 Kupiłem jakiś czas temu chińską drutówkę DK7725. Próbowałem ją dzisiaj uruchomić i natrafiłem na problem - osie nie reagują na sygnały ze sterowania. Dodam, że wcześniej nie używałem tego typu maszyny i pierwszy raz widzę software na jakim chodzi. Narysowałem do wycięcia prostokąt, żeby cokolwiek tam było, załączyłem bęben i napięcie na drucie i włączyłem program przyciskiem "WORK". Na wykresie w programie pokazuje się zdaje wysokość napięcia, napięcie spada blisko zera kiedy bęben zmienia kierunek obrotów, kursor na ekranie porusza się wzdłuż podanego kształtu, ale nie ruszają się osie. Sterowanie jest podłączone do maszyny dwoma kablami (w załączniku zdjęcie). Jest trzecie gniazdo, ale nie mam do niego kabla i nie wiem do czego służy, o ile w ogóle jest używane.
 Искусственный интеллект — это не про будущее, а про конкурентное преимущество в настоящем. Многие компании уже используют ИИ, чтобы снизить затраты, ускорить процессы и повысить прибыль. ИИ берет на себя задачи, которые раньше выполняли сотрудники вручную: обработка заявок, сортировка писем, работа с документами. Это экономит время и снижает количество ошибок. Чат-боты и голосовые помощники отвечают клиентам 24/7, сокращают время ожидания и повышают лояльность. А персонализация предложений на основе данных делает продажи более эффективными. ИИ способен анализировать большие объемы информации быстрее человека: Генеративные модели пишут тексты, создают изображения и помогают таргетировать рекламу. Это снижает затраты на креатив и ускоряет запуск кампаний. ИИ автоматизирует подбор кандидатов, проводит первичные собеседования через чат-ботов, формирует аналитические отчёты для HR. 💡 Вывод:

┄┄┄┄┄┄┄┄┄┄

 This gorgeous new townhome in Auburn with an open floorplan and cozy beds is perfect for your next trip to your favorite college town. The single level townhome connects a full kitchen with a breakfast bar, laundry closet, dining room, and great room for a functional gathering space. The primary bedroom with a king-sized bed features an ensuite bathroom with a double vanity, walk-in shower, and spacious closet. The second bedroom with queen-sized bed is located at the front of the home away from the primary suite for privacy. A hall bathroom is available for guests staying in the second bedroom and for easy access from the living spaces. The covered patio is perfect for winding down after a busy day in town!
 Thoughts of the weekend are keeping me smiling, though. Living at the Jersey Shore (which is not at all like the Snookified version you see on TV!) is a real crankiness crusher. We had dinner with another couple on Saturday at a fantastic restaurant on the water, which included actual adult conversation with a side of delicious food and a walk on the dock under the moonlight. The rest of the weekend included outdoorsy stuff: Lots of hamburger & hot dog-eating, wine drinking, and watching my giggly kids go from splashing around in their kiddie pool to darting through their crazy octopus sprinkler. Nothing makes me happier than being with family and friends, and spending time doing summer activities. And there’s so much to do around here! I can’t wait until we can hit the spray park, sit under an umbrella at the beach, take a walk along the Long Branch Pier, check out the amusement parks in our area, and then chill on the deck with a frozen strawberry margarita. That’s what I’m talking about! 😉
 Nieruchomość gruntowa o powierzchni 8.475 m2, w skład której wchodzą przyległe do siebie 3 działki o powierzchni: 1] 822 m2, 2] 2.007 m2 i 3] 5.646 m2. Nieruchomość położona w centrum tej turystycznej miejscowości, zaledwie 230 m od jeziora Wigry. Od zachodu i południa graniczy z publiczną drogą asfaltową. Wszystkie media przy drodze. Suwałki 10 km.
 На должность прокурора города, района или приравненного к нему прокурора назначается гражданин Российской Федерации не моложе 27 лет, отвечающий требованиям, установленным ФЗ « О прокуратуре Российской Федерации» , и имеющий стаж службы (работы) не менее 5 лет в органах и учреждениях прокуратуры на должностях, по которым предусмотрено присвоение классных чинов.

┄┄┄┄┄┄┄┄┄┄

=== WHAT THE EXERCISE ASKS ===
The range runs from the line with "Thoughts of the" up to and including the line with "Nieruchomość gruntowa o" in the listing above; please write out exactly those lines and nothing more.

=== OUTPUT OF THE EXERCISE ===
 Thoughts of the weekend are keeping me smiling, though. Living at the Jersey Shore (which is not at all like the Snookified version you see on TV!) is a real crankiness crusher. We had dinner with another couple on Saturday at a fantastic restaurant on the water, which included actual adult conversation with a side of delicious food and a walk on the dock under the moonlight. The rest of the weekend included outdoorsy stuff: Lots of hamburger & hot dog-eating, wine drinking, and watching my giggly kids go from splashing around in their kiddie pool to darting through their crazy octopus sprinkler. Nothing makes me happier than being with family and friends, and spending time doing summer activities. And there’s so much to do around here! I can’t wait until we can hit the spray park, sit under an umbrella at the beach, take a walk along the Long Branch Pier, check out the amusement parks in our area, and then chill on the deck with a frozen strawberry margarita. That’s what I’m talking about! 😉
 Nieruchomość gruntowa o powierzchni 8.475 m2, w skład której wchodzą przyległe do siebie 3 działki o powierzchni: 1] 822 m2, 2] 2.007 m2 i 3] 5.646 m2. Nieruchomość położona w centrum tej turystycznej miejscowości, zaledwie 230 m od jeziora Wigry. Od zachodu i południa graniczy z publiczną drogą asfaltową. Wszystkie media przy drodze. Suwałki 10 km.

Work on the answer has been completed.